Modern browsers do their best to optimize typical use-cases for CSS selectors and .collection li for sure will be handled optimally. You shouldn't worry about CSS selector performance unless you have to provide good performance for very old browsers or hit specific performance problem. Optimize for humans, not for computers.
This is true, actually. They are read from right-to-left. I'm not sure how much extra resources are expended searching this way opposed to the other, though my guess would be the same as yours. It may be worth a benchmark?
It used to be the issue in the "old browsers", modern browsers optimize the css query selectors to a very high extent, so users probably won't see a difference on any real web page / app
Oh...woops. Do you know of any more recent articles? I've been playing by this since I bombed an interview where they asked about CSS performance a few months ago and I had nothing smart to say.
>> but I was heavily chastised by lead the front end dev at my last gig for ever directly applying design styles to tag entities as doing it as above is considered best practice
LIs are generic containers--the only way to narrowly scope LIs is to use hierarchical selectors, which leads location dependency and specificity issues. The class name creates a scope and you need to apply that to decedent components to enforce the scope. It's DRY within the naming convention, which doesn't mix element selectors with class selectors (or at least rarely).
LIs are actually kinda special. It's incredibly difficult to create your own LI in, say, web components because of their specialness (at least I've never seen it work in all browsers though there are probably some crazy hacks to get it there (or at least close enough)).
> which leads location dependency and specificity issues
You have a list of a specific type so you put a class on it. Why would that specific type of list now contain items that can be used in multiple places versus in that specific list and why would they ever be moved from that specific type of list? I don't really understand the issue you're trying to convey.
I've come to expect people who criticize others using "best practice" as their "source" are themselves not very good at what they do and are just cargo-culting ideas without any real understanding in underlying principles.
Using element names instead of class names can be problematic. In some frameworks you may need to use a different element or an element that wraps another element to achieve certain functionality.
Some use generic names like "button large" as class names, but, again in my personal experience, it often causes problems. You might have other elements that need to be "large" and may need to be inside a button - but which "large" do you mean.
So to keep things predictable, I've adopted the following practices:
- Always namespace components.
- Always ensure that selectors work even if the child has a wrapper around it.
- Whenever possible use classnames instead of element names.
And to ensure I don't get tendonitis (not sure if everyone agrees with this):
- If possible provide a shorthand for at least the most used components (i.e. "col"/"col-i" for "collection"/"collection-item"
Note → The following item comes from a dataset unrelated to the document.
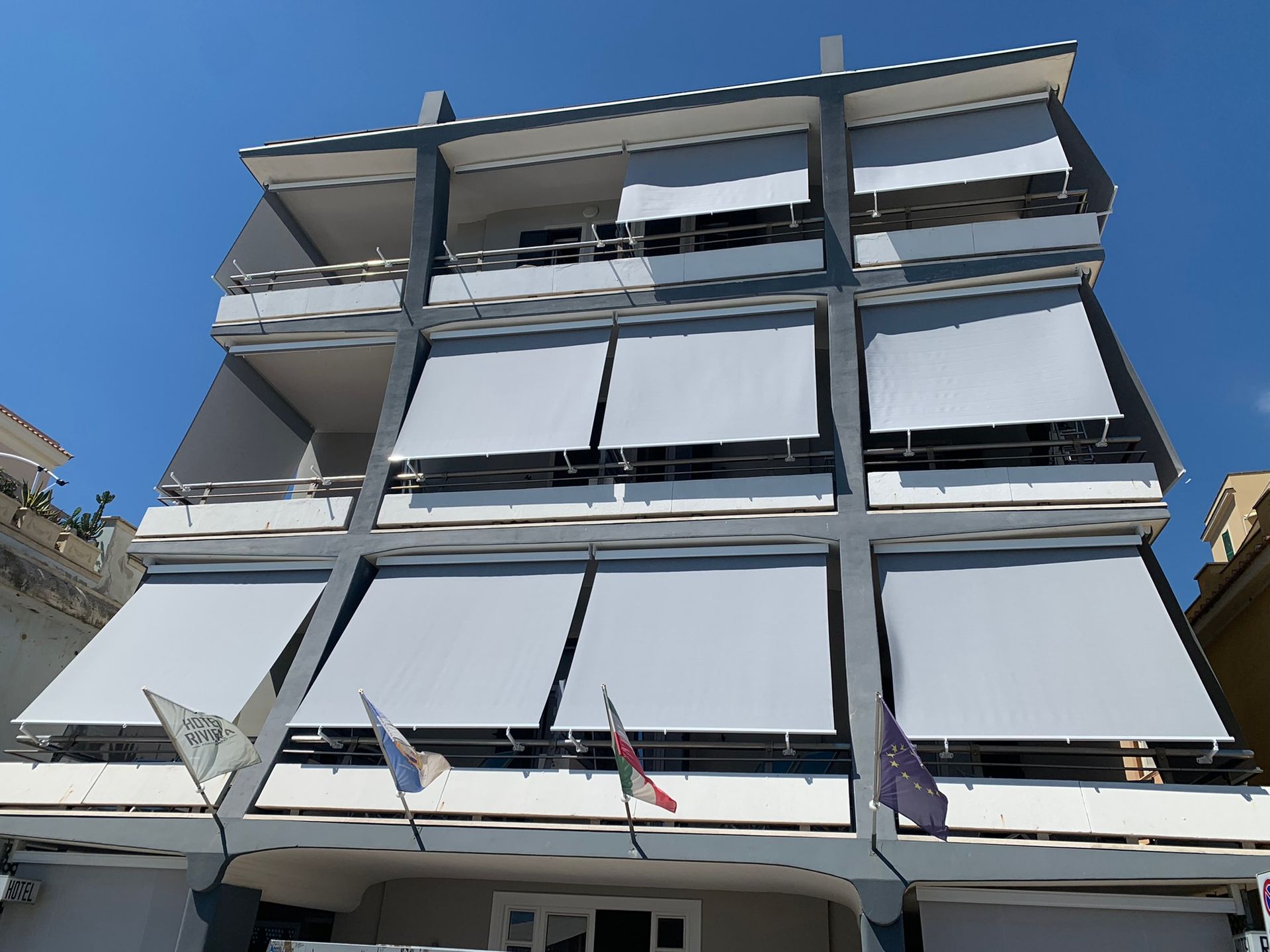 Le tende a guide laterali sono un tipo di tenda da sole che si caratterizza per la sua capacità di coprire e proteggere gli spazi esterni, come i portici, dalle intemperie e dal vento.

Many comments here use the phrase "best practices" as a means to shut down opposing opinions or practices. That feels very wrong to me.
I am often heard saying (in classes, public presentations, etc.), "I don't like the phrase 'best practice'. It implies that someone knows your requirements better than you. So I don't use it. What's 'best' for me might suck for you. So I say: the best practice is, in many cases, simply to have a practice that you and your team adhere to. One which meets your requirements, now and foreseen."
Class-itis, div-itis, selector-nesting-itis... They all have a place in the Real World.
i think this is a good perspective. at the some practices are clearly better than others, and sometimes it is appropriate to say "best practice", because in certain narrowly defined circumstances, there really is a best. but the idea of team practice as the goal overall, and best practice as something that is both personal and defined by external circumstance is solid.
I'm not a Google fanboy, but I believe Material is the best visual language for UI. Okay, there are different contexts, but it's best thought-through, and most modern.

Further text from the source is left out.